* [Data excerpts]:
----

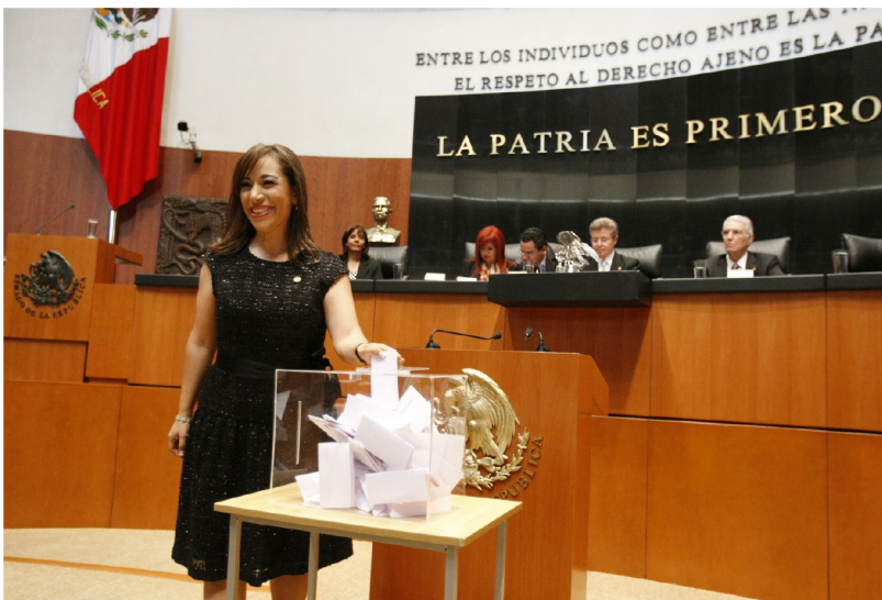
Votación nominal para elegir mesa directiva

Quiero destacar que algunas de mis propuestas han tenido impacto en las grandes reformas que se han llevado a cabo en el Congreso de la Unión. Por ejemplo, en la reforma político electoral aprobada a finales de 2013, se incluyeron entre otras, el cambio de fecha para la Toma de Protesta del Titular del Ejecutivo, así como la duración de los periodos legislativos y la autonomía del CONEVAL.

----

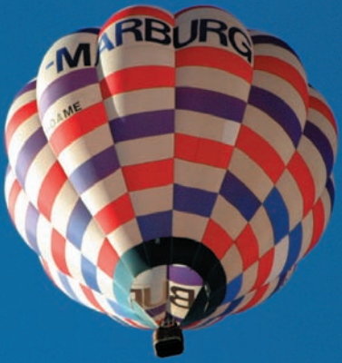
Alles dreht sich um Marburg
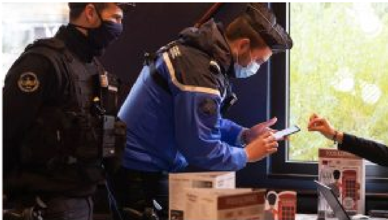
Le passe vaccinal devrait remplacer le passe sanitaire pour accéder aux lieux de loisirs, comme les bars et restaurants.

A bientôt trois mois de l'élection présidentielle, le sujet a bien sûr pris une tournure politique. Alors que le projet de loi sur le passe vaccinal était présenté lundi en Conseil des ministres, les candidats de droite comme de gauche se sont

----

* [What to do]: Copy out only the lines above from the one with "Votación nominal para elegir mesa directiva" to the one with "Quiero destacar que", inclusive, exactly as they stand.

* [Your response]:
Votación nominal para elegir mesa directiva

Quiero destacar que algunas de mis propuestas han tenido impacto en las grandes reformas que se han llevado a cabo en el Congreso de la Unión. Por ejemplo, en la reforma político electoral aprobada a finales de 2013, se incluyeron entre otras, el cambio de fecha para la Toma de Protesta del Titular del Ejecutivo, así como la duración de los periodos legislativos y la autonomía del CONEVAL.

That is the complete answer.